#### Task instructions
The expected answer is the data below, printed verbatim without its pictures.

#### Entries supplied
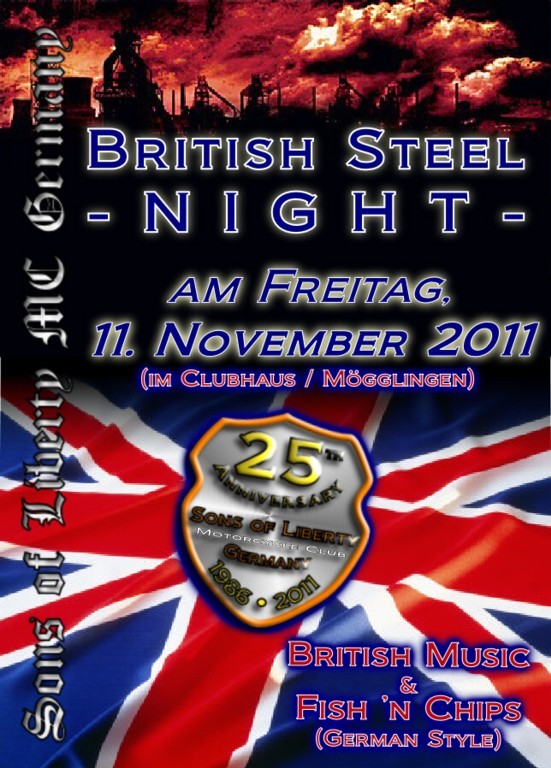 Am 11.November 2011 kamen viele Gäste um mit uns die erste British Steel Night im Clubhaus zu feiern.
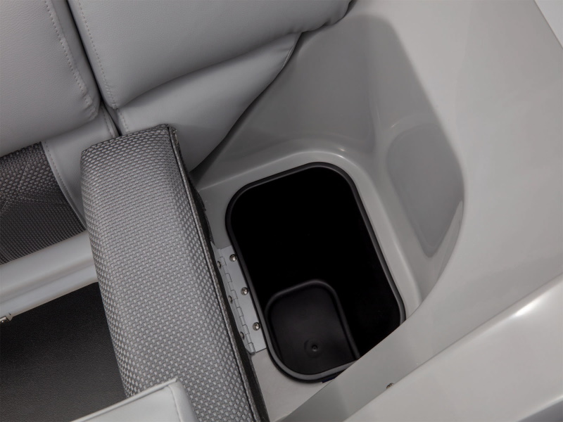 - Easy-access trash receptacle in bow starboard lounge
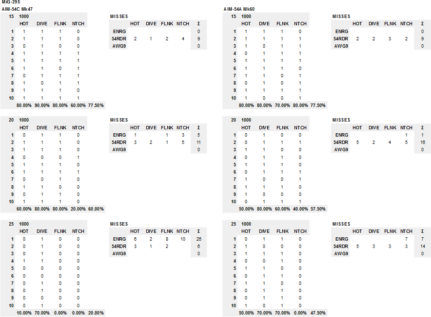 Something new appears in this test: a number of AIM-54 missed the target because they run out of energy. As we know from the AIM-54 Performance study, the altitude is pivotal in order to increase the range of a missile because at lower altitude the air is thicker, hence the friction is higher and it spends much more energy flying through it. This factor, added to the changes in the missile trajectory caused by the manoeuvres of the target, can bleed off the energy of the Phoenix energy very fast.
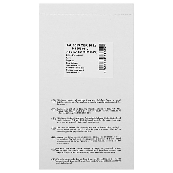 Centropen 8559 — это маркер для белых сухостираемых досок и непористых поверхностей.
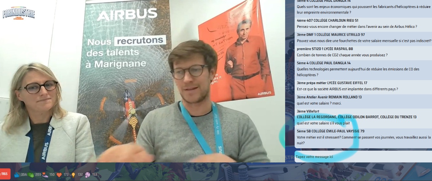 Ils visionnent de courtes vidéos, répondent à des quizz, participent en temps réels à des rencontres avec des professionnels. Impliqués la semaine dernière, les 5èmes ont ainsi pu poser des questions pertinentes auxquelles les professionnels ont répondu!
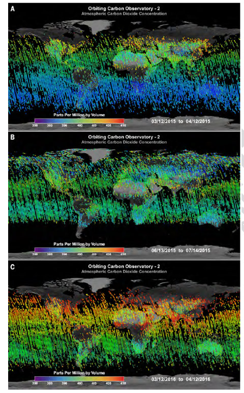 Ensimmäiset NASAn OCO-2 (Orbiting Carbon Observatory-2) -satelliitin mittaukset ovat tuottaneet uutta ja entistä kattavampaa tietoa ilmakehän hiilidioksidin alueellisesta vaihtelusta. Tietoa on saatu esimerkiksi El Niño -sääilmiön aiheuttamista hiilidioksidipitoisuuksien muutoksista tropiikissa ja hiilidioksidin vuodenaikaisvaihtelusta, joka aiheutuu kasvillisuuden kasvukauden rytmittymisestä.
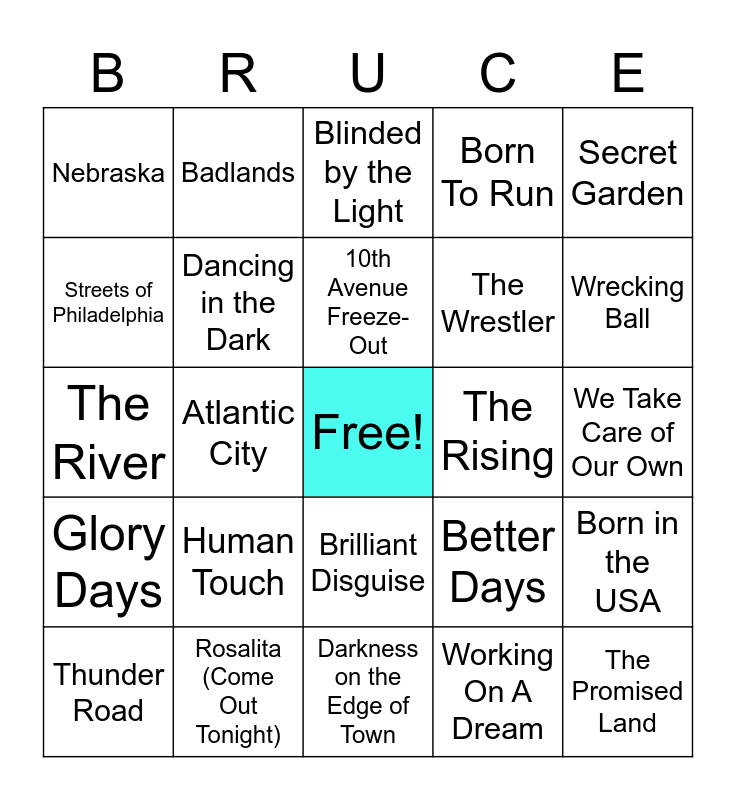 This bingo card has a free space and 24 words: Human Touch, Rosalita (Come Out Tonight), 10th Avenue Freeze-Out, Thunder Road, Secret Garden, Nebraska, Streets of Philadelphia, Badlands, The Rising, Brilliant Disguise, The Wrestler, The River, Better Days, Born in the USA, Dancing in the Dark, Working On A Dream, We Take Care of Our Own, Blinded by the Light, Wrecking Ball, Atlantic City, The Promised Land, Glory Days, Born To Run and Darkness on the Edge of Town.
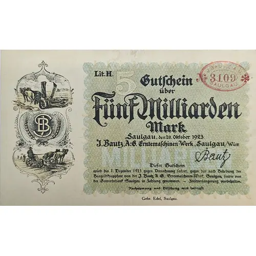 | Obverse lettering | Gutschein über Fünf Milliarden Mark Saulgau, den 20. Oktober 1923. J. Bautz, A.-G. Erntemaschinen-Werk, Saulgau/Württ. Dieser Gutschein wird bis 1. Dezember 1923 gegen Verrechnung sofort, gegen bar nach Behebung der Bargeldknappheit von der J. Bautz A.-G., Erntemaschinen-Werk, Saulgau, sowie von der Gewerbebank Saulgau in Zahlung genommen. - Fristverlängerung vorbehalten. |
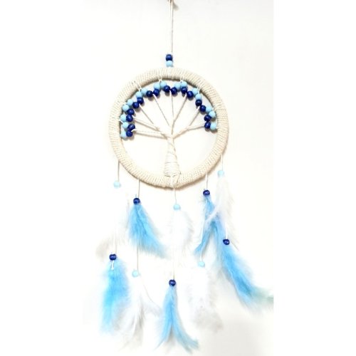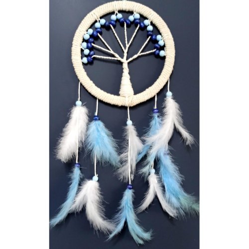 Mavi Beyaz Kuş Tüylü Hayat Ağacı Düş Kapanı Duvar Süsü

#### Solved exercise
 Am 11.November 2011 kamen viele Gäste um mit uns die erste British Steel Night im Clubhaus zu feiern.
 - Easy-access trash receptacle in bow starboard lounge
 Something new appears in this test: a number of AIM-54 missed the target because they run out of energy. As we know from the AIM-54 Performance study, the altitude is pivotal in order to increase the range of a missile because at lower altitude the air is thicker, hence the friction is higher and it spends much more energy flying through it. This factor, added to the changes in the missile trajectory caused by the manoeuvres of the target, can bleed off the energy of the Phoenix energy very fast.
 Centropen 8559 — это маркер для белых сухостираемых досок и непористых поверхностей.
 Ils visionnent de courtes vidéos, répondent à des quizz, participent en temps réels à des rencontres avec des professionnels. Impliqués la semaine dernière, les 5èmes ont ainsi pu poser des questions pertinentes auxquelles les professionnels ont répondu!
 Ensimmäiset NASAn OCO-2 (Orbiting Carbon Observatory-2) -satelliitin mittaukset ovat tuottaneet uutta ja entistä kattavampaa tietoa ilmakehän hiilidioksidin alueellisesta vaihtelusta. Tietoa on saatu esimerkiksi El Niño -sääilmiön aiheuttamista hiilidioksidipitoisuuksien muutoksista tropiikissa ja hiilidioksidin vuodenaikaisvaihtelusta, joka aiheutuu kasvillisuuden kasvukauden rytmittymisestä.
 This bingo card has a free space and 24 words: Human Touch, Rosalita (Come Out Tonight), 10th Avenue Freeze-Out, Thunder Road, Secret Garden, Nebraska, Streets of Philadelphia, Badlands, The Rising, Brilliant Disguise, The Wrestler, The River, Better Days, Born in the USA, Dancing in the Dark, Working On A Dream, We Take Care of Our Own, Blinded by the Light, Wrecking Ball, Atlantic City, The Promised Land, Glory Days, Born To Run and Darkness on the Edge of Town.
 | Obverse lettering | Gutschein über Fünf Milliarden Mark Saulgau, den 20. Oktober 1923. J. Bautz, A.-G. Erntemaschinen-Werk, Saulgau/Württ. Dieser Gutschein wird bis 1. Dezember 1923 gegen Verrechnung sofort, gegen bar nach Behebung der Bargeldknappheit von der J. Bautz A.-G., Erntemaschinen-Werk, Saulgau, sowie von der Gewerbebank Saulgau in Zahlung genommen. - Fristverlängerung vorbehalten. |
 Mavi Beyaz Kuş Tüylü Hayat Ağacı Düş Kapanı Duvar Süsü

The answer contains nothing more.